START Given material
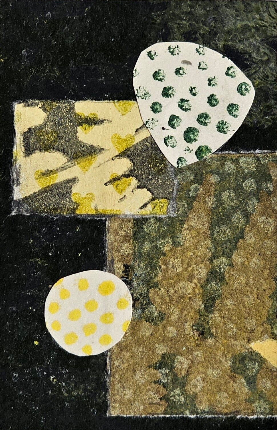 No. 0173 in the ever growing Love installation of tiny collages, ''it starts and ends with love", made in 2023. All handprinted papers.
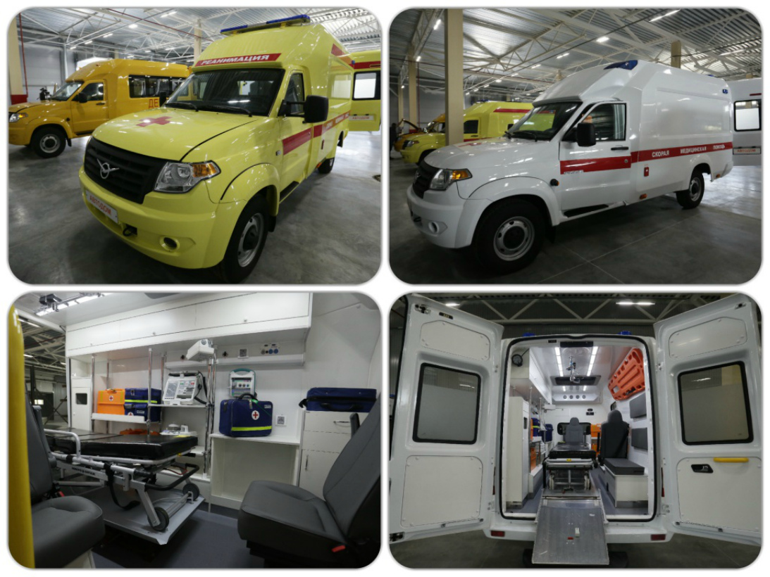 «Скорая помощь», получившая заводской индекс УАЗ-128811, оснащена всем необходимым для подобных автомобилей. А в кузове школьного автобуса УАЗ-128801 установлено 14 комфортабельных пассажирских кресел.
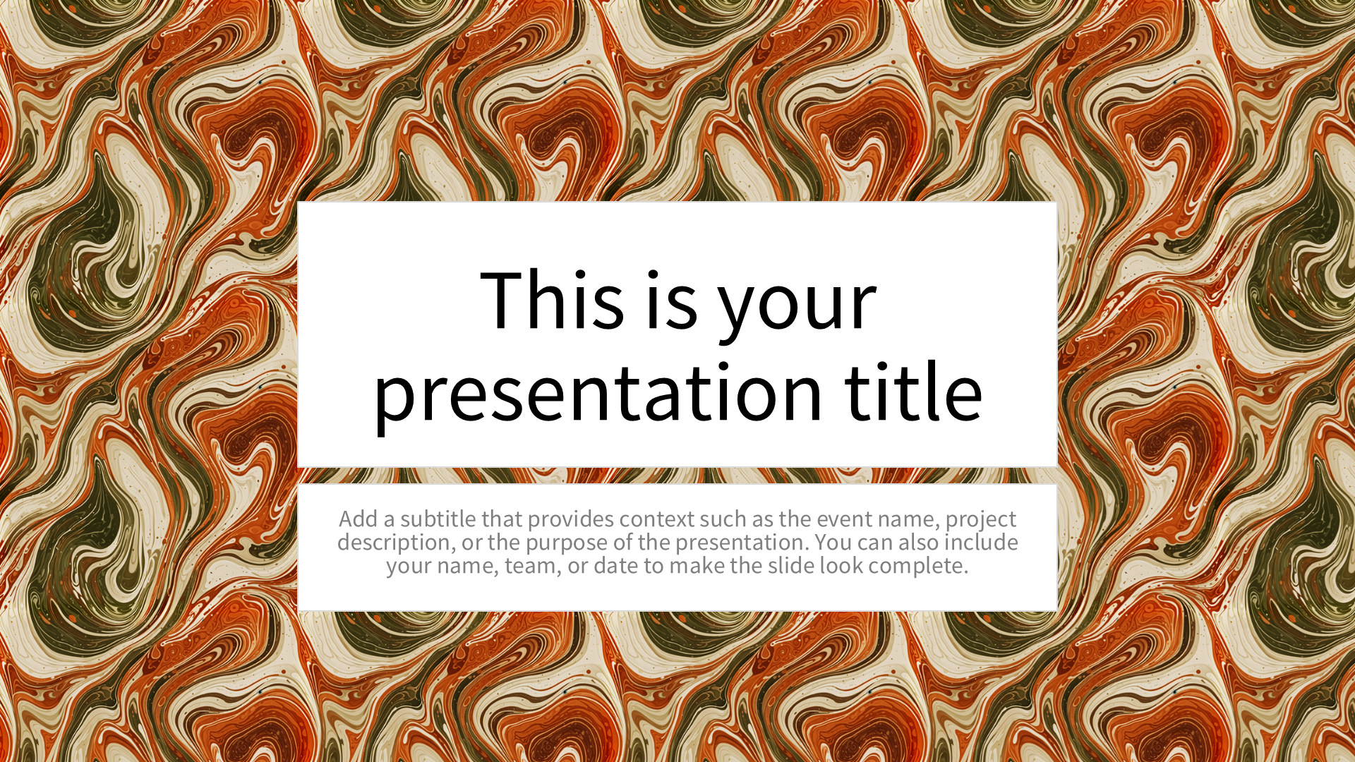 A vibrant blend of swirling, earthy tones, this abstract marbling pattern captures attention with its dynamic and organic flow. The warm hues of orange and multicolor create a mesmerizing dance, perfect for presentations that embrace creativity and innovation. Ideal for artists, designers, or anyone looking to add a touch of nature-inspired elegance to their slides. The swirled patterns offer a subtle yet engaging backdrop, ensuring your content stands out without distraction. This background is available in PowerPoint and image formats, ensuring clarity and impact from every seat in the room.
END Given material
* [Action item]: A faithful copy of all the data above is required, printed exactly and with no pictures.

* [Problem solution]:
 No. 0173 in the ever growing Love installation of tiny collages, ''it starts and ends with love", made in 2023. All handprinted papers.
 «Скорая помощь», получившая заводской индекс УАЗ-128811, оснащена всем необходимым для подобных автомобилей. А в кузове школьного автобуса УАЗ-128801 установлено 14 комфортабельных пассажирских кресел.
 A vibrant blend of swirling, earthy tones, this abstract marbling pattern captures attention with its dynamic and organic flow. The warm hues of orange and multicolor create a mesmerizing dance, perfect for presentations that embrace creativity and innovation. Ideal for artists, designers, or anyone looking to add a touch of nature-inspired elegance to their slides. The swirled patterns offer a subtle yet engaging backdrop, ensuring your content stands out without distraction. This background is available in PowerPoint and image formats, ensuring clarity and impact from every seat in the room.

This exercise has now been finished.